**Problem description**
Among the entries that follow, find every line with the word "avec" and list it.

**Stored data**
# # #
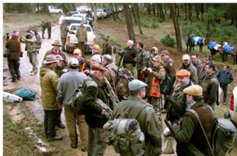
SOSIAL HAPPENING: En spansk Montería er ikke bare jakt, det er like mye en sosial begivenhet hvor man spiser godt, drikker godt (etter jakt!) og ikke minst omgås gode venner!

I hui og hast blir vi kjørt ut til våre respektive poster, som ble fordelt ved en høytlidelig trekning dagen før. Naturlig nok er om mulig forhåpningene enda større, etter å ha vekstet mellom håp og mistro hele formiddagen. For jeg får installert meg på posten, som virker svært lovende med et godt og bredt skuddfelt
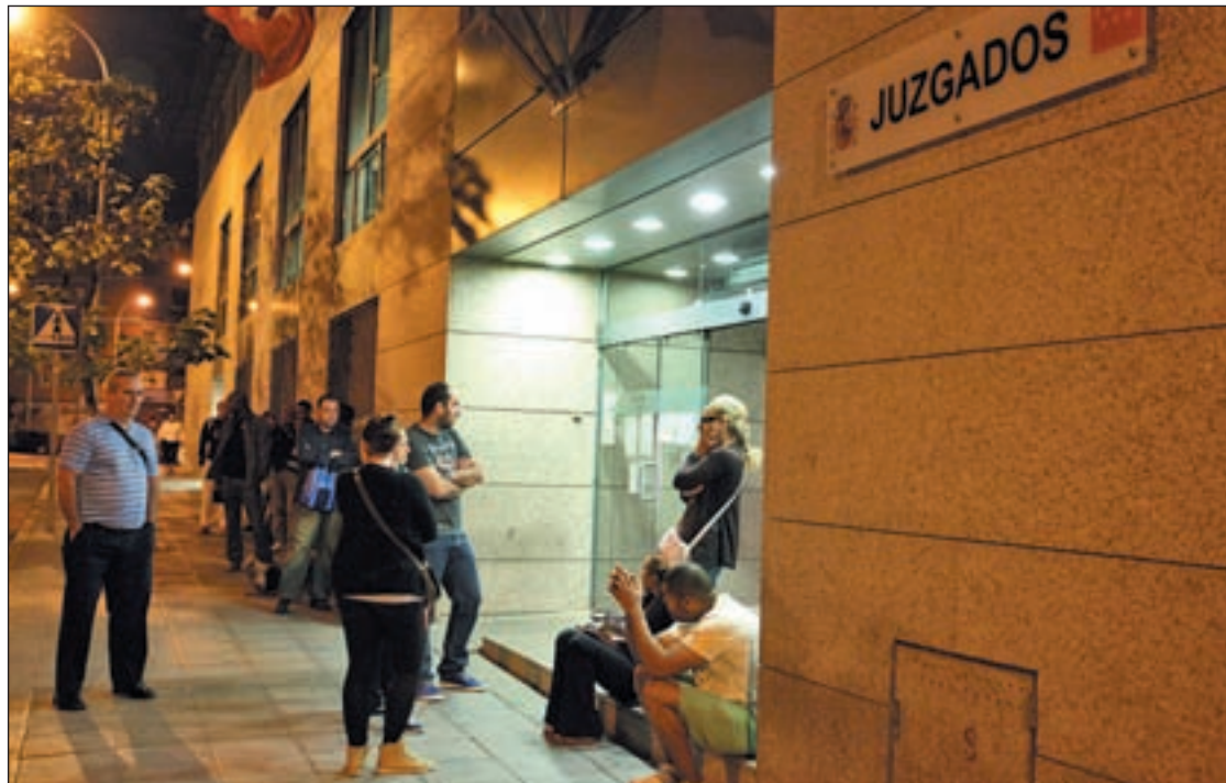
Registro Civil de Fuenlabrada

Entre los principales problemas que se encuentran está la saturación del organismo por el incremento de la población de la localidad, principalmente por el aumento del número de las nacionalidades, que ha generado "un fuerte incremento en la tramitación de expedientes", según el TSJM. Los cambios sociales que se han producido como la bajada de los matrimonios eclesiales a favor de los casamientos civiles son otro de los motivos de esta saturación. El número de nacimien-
# # #
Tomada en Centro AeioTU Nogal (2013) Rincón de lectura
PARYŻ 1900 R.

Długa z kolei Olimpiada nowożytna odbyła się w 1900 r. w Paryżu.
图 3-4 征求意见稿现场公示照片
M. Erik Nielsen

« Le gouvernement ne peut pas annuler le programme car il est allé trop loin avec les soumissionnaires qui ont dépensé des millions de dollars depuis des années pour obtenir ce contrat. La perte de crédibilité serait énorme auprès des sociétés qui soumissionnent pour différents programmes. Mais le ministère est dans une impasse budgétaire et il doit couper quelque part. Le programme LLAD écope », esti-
# # #
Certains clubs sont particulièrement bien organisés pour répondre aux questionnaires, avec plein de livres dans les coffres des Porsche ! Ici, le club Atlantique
# # #
**Answer box**
« Le gouvernement ne peut pas annuler le programme car il est allé trop loin avec les soumissionnaires qui ont dépensé des millions de dollars depuis des années pour obtenir ce contrat. La perte de crédibilité serait énorme auprès des sociétés qui soumissionnent pour différents programmes. Mais le ministère est dans une impasse budgétaire et il doit couper quelque part. Le programme LLAD écope », esti-
Certains clubs sont particulièrement bien organisés pour répondre aux questionnaires, avec plein de livres dans les coffres des Porsche ! Ici, le club Atlantique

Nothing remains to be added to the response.